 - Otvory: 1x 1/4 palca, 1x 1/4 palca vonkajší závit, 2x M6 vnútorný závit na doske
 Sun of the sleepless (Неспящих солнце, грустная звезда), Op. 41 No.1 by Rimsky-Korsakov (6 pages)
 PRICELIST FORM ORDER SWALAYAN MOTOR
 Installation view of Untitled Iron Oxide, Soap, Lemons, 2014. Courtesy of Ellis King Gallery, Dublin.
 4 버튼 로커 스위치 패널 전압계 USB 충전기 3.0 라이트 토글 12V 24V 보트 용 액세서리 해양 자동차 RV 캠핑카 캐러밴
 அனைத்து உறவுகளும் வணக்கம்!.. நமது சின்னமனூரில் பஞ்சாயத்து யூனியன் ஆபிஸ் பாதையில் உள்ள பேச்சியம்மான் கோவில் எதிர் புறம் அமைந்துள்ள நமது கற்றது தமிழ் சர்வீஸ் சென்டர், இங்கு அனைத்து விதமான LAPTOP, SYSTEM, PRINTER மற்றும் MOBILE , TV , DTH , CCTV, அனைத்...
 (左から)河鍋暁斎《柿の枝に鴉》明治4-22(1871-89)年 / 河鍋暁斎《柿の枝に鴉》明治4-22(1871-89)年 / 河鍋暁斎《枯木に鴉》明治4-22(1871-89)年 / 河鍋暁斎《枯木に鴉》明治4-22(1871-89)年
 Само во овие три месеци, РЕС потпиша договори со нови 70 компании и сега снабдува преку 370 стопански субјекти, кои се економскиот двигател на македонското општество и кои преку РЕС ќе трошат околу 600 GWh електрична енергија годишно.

**********

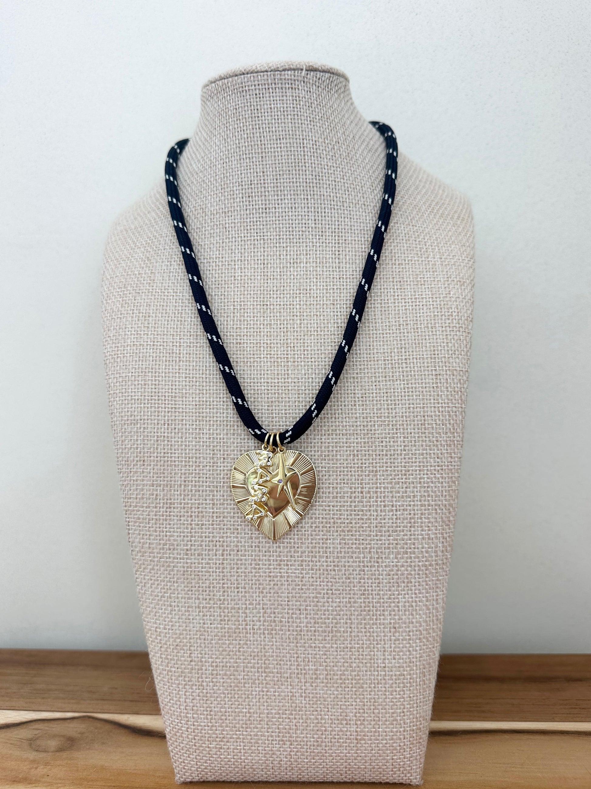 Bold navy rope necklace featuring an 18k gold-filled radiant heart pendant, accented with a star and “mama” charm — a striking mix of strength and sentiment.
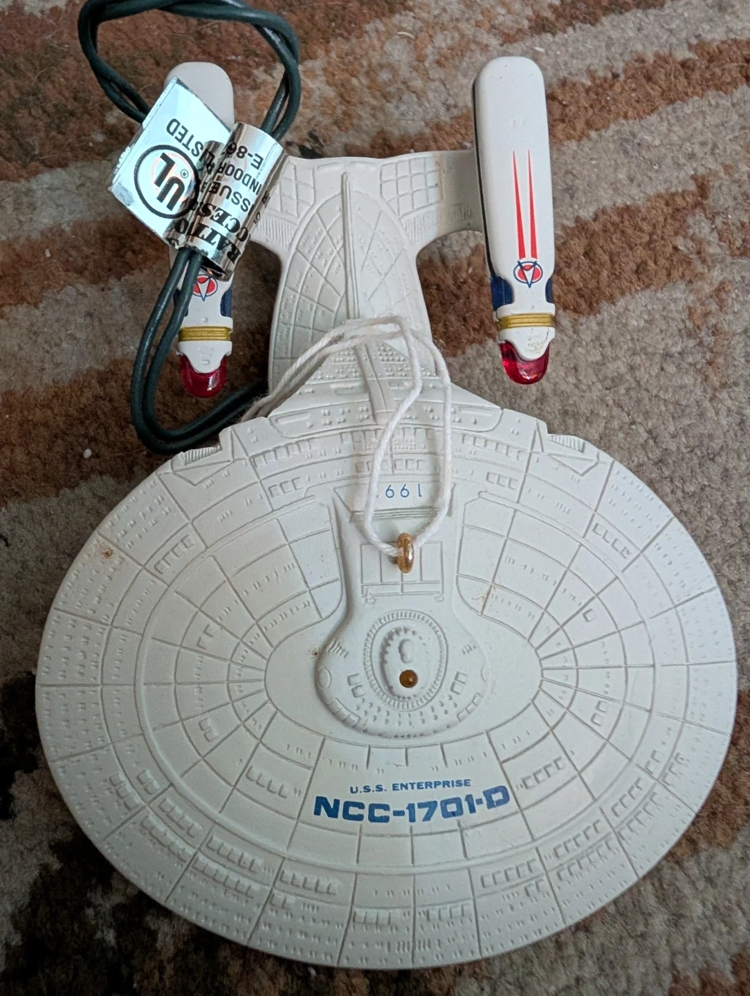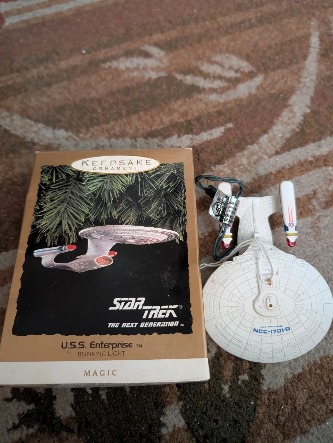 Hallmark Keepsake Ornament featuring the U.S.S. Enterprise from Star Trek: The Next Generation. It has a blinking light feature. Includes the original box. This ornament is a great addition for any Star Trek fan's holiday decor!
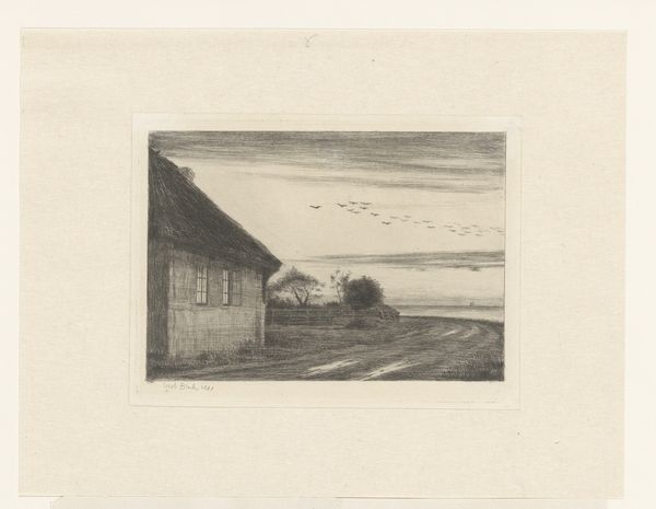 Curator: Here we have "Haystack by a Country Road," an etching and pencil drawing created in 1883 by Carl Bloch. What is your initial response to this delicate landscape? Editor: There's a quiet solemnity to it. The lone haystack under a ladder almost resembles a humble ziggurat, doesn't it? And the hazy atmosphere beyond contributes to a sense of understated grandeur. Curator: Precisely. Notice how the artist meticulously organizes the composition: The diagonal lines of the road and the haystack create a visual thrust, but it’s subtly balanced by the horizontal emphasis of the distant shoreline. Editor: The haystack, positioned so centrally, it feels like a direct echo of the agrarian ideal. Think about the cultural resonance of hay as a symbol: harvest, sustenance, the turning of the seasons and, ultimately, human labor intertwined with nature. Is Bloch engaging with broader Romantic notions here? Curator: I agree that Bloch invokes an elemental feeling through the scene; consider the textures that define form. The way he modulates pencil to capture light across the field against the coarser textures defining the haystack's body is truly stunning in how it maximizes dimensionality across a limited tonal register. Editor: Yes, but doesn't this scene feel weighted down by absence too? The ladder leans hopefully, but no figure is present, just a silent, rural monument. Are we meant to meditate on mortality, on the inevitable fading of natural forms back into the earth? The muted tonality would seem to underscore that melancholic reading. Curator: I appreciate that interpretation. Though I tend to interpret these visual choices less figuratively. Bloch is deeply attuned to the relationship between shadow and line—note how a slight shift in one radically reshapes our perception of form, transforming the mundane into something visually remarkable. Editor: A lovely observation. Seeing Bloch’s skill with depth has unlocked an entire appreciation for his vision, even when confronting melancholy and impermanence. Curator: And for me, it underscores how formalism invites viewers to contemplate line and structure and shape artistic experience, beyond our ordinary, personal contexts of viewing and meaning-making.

**********

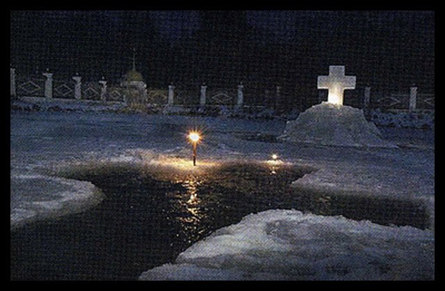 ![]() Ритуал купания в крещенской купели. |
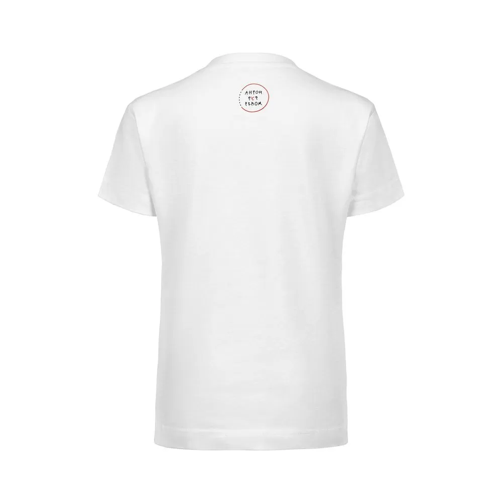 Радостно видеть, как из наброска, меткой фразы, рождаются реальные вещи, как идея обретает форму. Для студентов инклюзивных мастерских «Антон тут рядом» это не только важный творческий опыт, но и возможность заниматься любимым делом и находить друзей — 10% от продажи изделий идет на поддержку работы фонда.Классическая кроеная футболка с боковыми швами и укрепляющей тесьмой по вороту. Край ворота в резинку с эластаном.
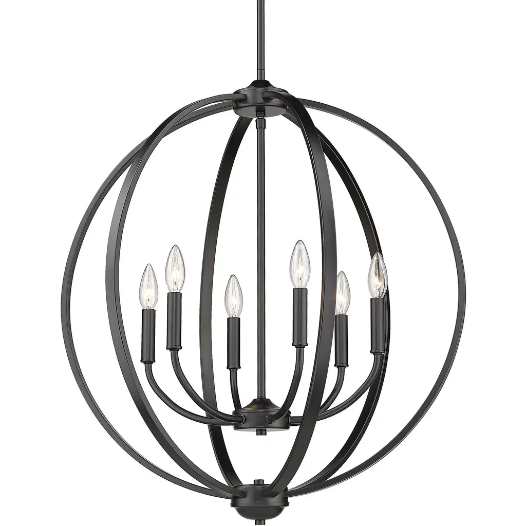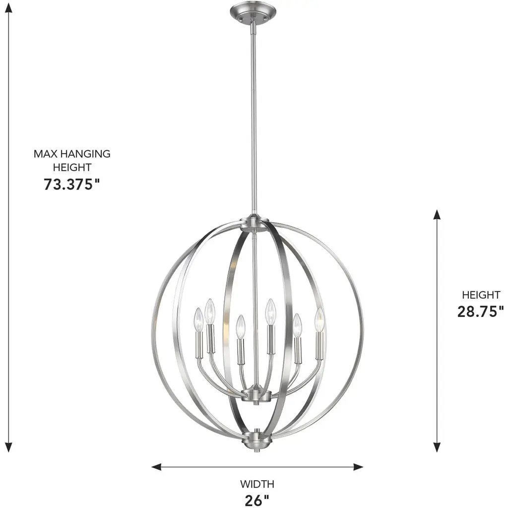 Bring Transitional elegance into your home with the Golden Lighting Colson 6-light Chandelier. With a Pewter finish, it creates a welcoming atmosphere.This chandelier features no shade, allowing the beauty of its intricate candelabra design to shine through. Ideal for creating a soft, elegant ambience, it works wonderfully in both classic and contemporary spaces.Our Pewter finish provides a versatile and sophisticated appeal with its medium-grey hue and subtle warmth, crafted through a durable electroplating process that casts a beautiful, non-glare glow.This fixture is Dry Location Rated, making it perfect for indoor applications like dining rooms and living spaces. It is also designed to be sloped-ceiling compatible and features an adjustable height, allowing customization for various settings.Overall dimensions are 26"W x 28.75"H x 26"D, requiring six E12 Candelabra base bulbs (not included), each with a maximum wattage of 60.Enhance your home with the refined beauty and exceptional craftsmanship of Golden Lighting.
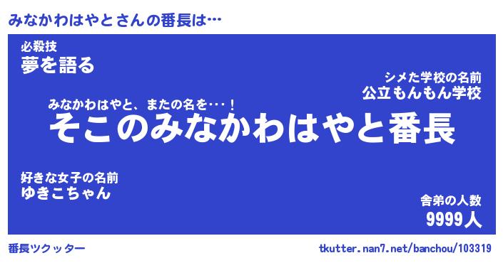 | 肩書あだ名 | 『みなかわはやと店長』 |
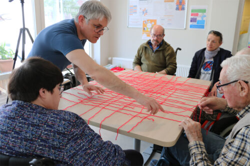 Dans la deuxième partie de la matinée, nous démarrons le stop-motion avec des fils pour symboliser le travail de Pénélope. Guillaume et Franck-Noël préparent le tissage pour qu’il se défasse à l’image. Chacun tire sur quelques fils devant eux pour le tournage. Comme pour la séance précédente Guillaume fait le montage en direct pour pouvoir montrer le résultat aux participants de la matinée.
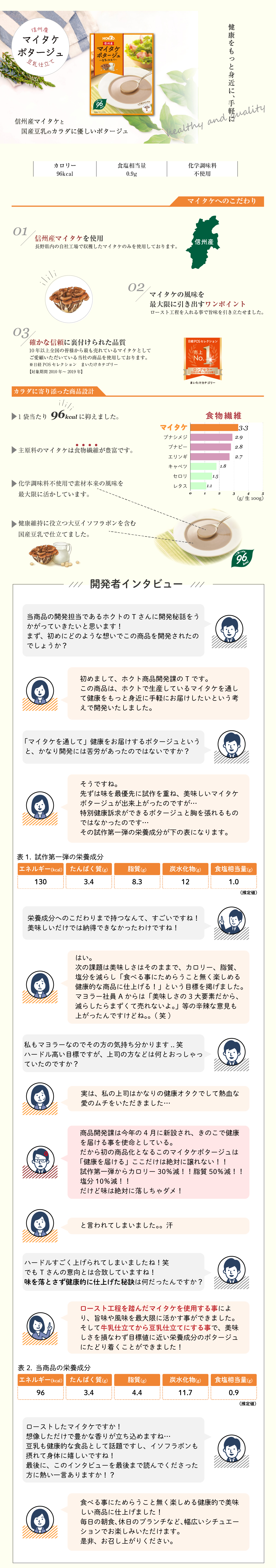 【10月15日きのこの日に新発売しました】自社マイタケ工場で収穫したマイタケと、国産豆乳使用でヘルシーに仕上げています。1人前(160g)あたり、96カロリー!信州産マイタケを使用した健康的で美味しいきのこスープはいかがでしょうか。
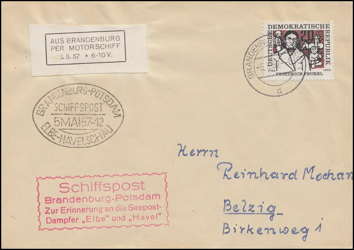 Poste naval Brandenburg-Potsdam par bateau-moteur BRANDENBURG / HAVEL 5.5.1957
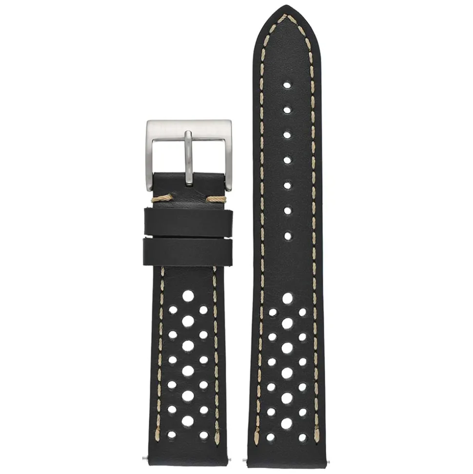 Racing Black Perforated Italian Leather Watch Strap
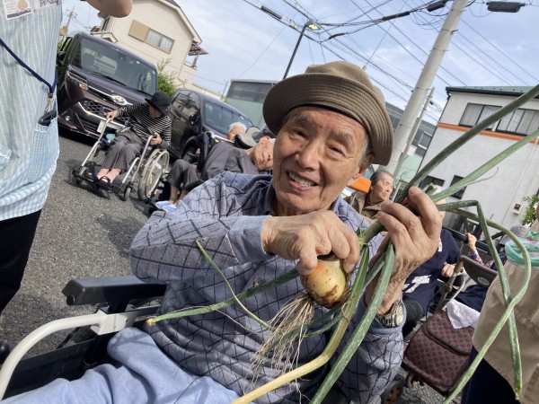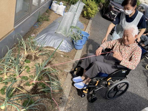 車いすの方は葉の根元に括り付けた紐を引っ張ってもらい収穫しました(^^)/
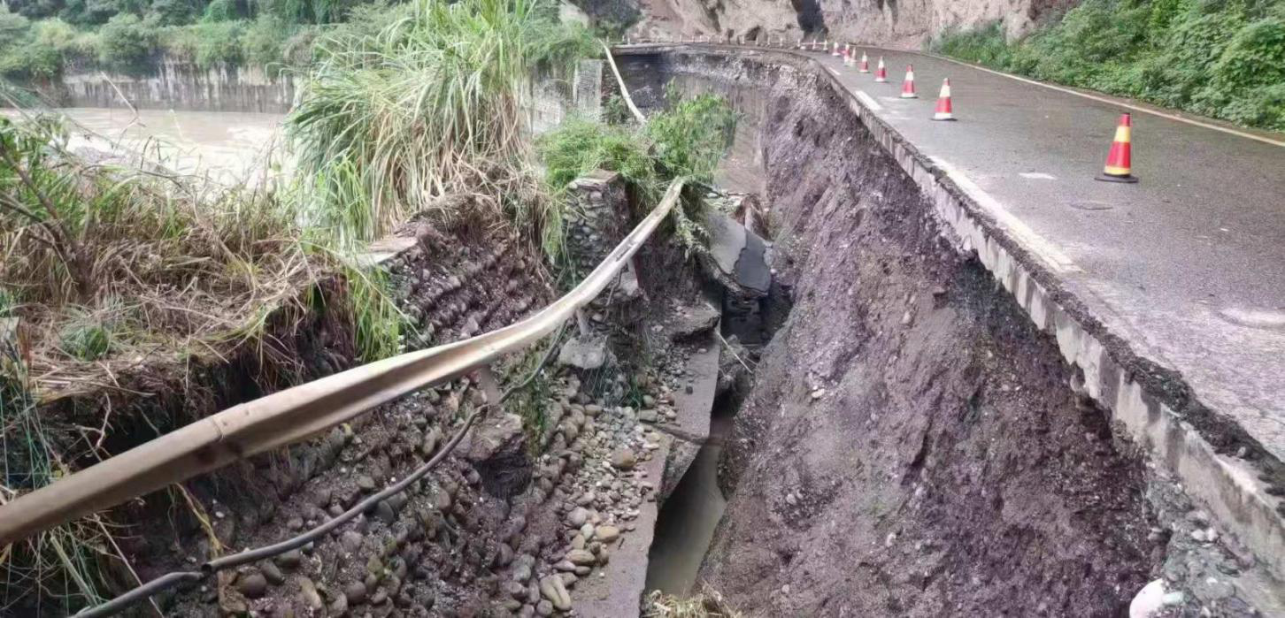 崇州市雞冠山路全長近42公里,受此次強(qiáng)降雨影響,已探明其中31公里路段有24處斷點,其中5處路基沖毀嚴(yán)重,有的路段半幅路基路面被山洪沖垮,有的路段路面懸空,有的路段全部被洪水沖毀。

**********

• TASK STATEMENT: Reproduce verbatim the lines above, from the line with "- Otvory: 1x" through the line with "Installation view of".

• RESPONSE TO THE TASK:
 - Otvory: 1x 1/4 palca, 1x 1/4 palca vonkajší závit, 2x M6 vnútorný závit na doske
 Sun of the sleepless (Неспящих солнце, грустная звезда), Op. 41 No.1 by Rimsky-Korsakov (6 pages)
 PRICELIST FORM ORDER SWALAYAN MOTOR
 Installation view of Untitled Iron Oxide, Soap, Lemons, 2014. Courtesy of Ellis King Gallery, Dublin.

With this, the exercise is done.